We Need to Talk (Tenemos que hablar) is a 2016 Spanish romantic comedy film directed by David Serrano from a screenplay by Serrano and Diego San José which stars Michelle Jenner and Hugo Silva alongside Verónica Forqué, Óscar Ladoire, Ernesto Sevilla, and Belén Cuesta.

== Plot ==
The story is set against the backdrop of the Spanish economic crisis and the Preferentes Scandal. Nuria is planning to marry her current partner but she needs the divorce papers from her former partner, Jorge, a total mess of a person. A remarriage screwball comedy ensues.

== Production ==
The film was produced by Atípica Films and Atresmedia Cine, and it had the participation of Atresmedia and Movistar+. Filming began in Madrid in June 2015.

== Release ==
Distributed by Warner Bros.
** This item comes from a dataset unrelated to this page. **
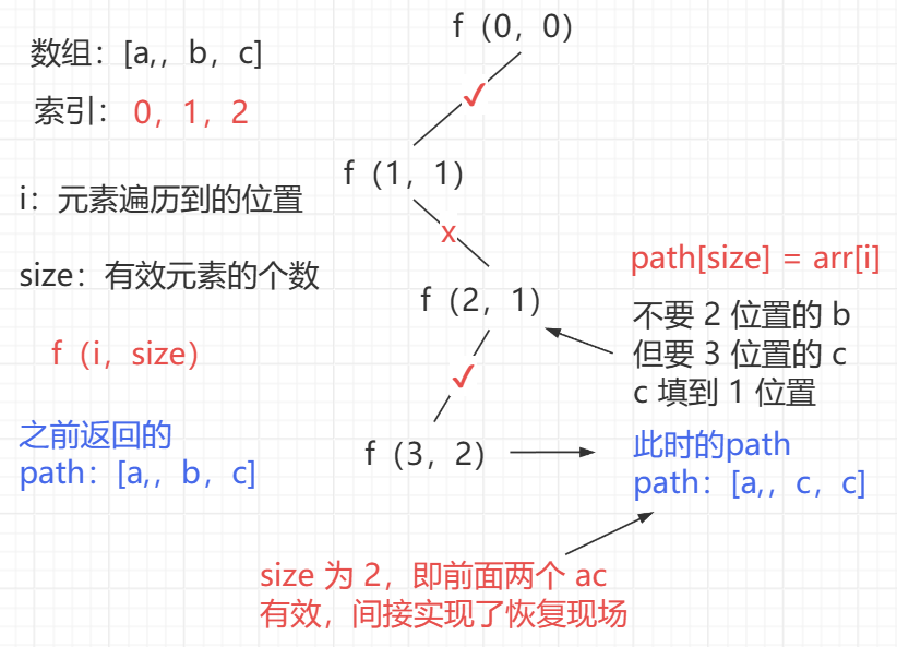 通过数组的复用和 i 变量,以及 size 控制有效元素的个数,在递归的过程中可以实现元素擦除,后面的元素会覆盖前面的元素,间接实现了恢复现场,无需手动控制

Pictures España, the film was released theatrically in Spain on 26 February 2016.

== Reception ==
Javier Ocaña of El País assessed that even if "the possibilities of a good comedy associated with its time can be perceived", "a film needs a plus and this one does not have it", for narrative reasons, for the mise-en-scene, and for technical issues.

Jordi Batlle Caminal of La Vanguardia wrote that "everything is predictable but, miraculously, everything, or almost everything, works with astonishing efficiency", with the film having "the rhythm, the dialogue and retorts of a good comedy.